June 2, 2017 at 3:48 pm #8368Don’t get on the subject of burglars with out searching You Tube on ‘Picking Locks’. A retired Police Inspector pointed me in that direction a few years ago. It made me quite paranoid for a while (changed out my old original Eurolocks). Unfortunately it wasn’t until I had done all that when he said the punchline ‘ Of course now that you have made all your locks secure they will just go around the back and smash in your patio doors.’
Sometimes you cannot win which is a lesson that applies equally well to PC security. No matter how secure you make your PC there are other bits of kit such as routers that seem to have deliberate in-built insecurity!
June 2, 2017 at 3:59 pm #8373I’ve been meaning to change my patio door locks for THESE – anti-snap and anti bump. First instinct is to go for the 3* @ £33 a pop, but with two sets of doubles and two singles that’s £200. Still mustn’t scrimp, so I’ll bite that bullet sometime soon when SWMBO brings up the subject of security for when we are away on holiday. On smashing the glass in the doors, that’s a noise many thieves won’t want to risk.
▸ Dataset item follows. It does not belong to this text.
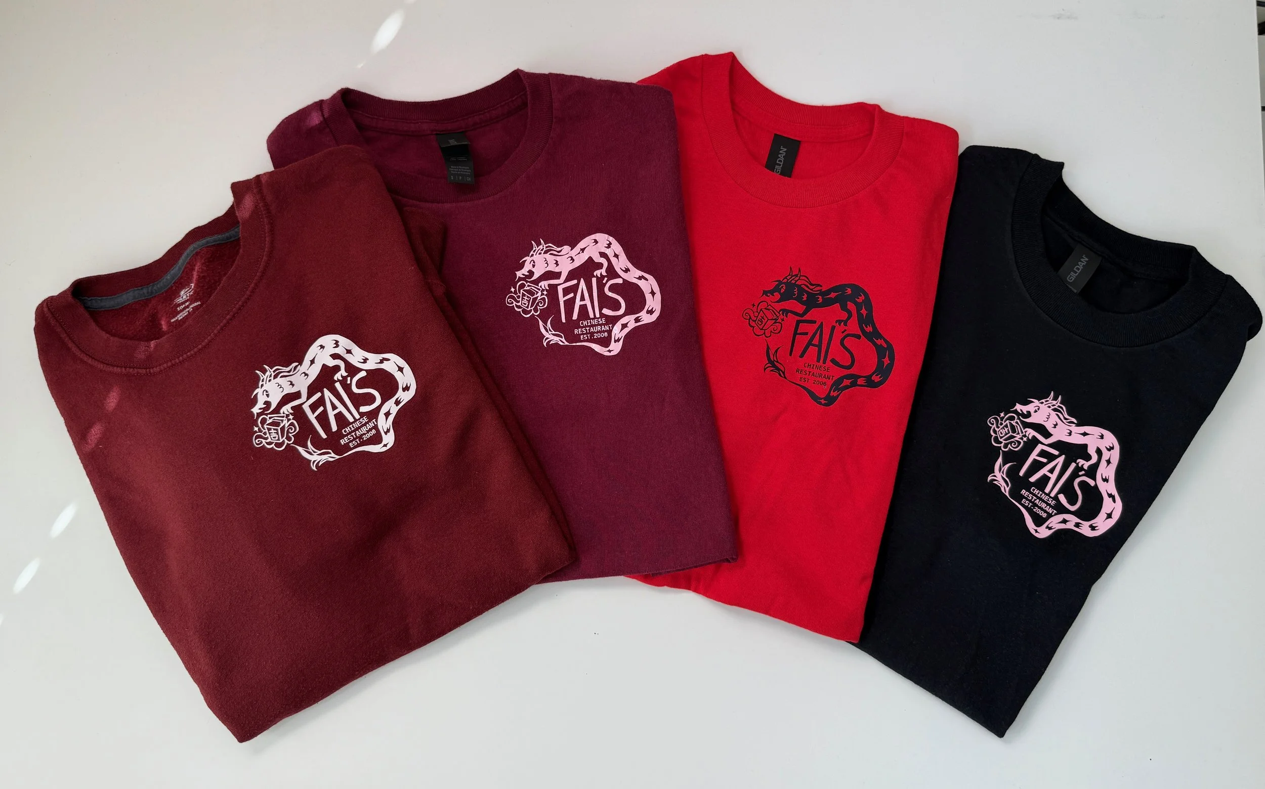 I had the amazing opportunity to design customer merchandise and menu covers for Fai’s Chinese Restaurant! Shirt designs were made with Adobe Photoshop and Cricut.
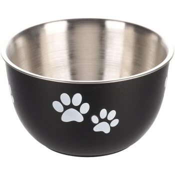 Futter- und Trinknapf mit Deckel schwarz & silber.

June 2, 2017 at 4:25 pm #8377Since the May reductions in Police numbers we have had quite a number of break-ins in the Southern Counties where thieves have said ‘the hell with subtlety and noise and just used a 3lb hammer on the patio window or back door frame. The noise is less than you might hope – my neighbour had theirs burgled via the patio and although I heard noises I thought they were just working on their house. (they had not said they were out for the day).
Better investments are locked side-gates and a visible security camera eyeing up the gate.
It is however worth having your front door lock anti-snap/bump – there are videos of how a thief can quickly open a door using a vibrating sex-toy and lock-pick to open an old style door in a manner and time which makes it look as though he has been given a key. These are normally opportunistic thieves who just happen to see a family taking off for their weekly shop. They often leave very little mess and are selective in only taking small high value things which tends to delay theft discovery until they are in the next town/county.
June 2, 2017 at 5:12 pm #8381JCD – my point is that it’s already been done better! This was a bunch of amateurs. They couldn’t learn the lessons from those that went before them.
But the NRA and UK Gov would have you believe it was a nation state. Would you rather only they were allowed to comment?
June 2, 2017 at 6:32 pm #8386JCD – my point is that it’s already been done better! This was a bunch of amateurs. They couldn’t learn the lessons from those that went before them.
OK – see where you’re coming from:)
But the NRA and UK Gov would have you believe it was a nation state. Would you rather only they were allowed to comment?
Most definitely NOT!!:( Wouldn’t trust either.
June 2, 2017 at 8:32 pm #8404Some years ago, a Traffic Sergeant mate told me that the most secure street to live in, was a cul-de-sac with nosy neighbours. At the time we lived on the longest street in our old village. The pit had closed, there was no work and burglaries were rife: my lad had his car nicked. It was recovered, minus an expensive audio which was taken by ripping out the whole centre console. That was one of the reasons why we moved here and I actually now live at the closed end of a cul-de-sac. When I moved here, I phoned my old mate, by then retired, and told him that I had found a cul-de-sac to live in. The Close was Sheltered Housing until this year: the government has decreed that Sheltered Living no longer exists and gradually others are moving in, but we still have the nosy neighbours I’m glad to say. Some of them are insomniacs and are up, lights bazing and TV’s on, at all hours.
To my mind, that’s a deterrent, as is the fact that this village has a great community spirit and we all look out for each other.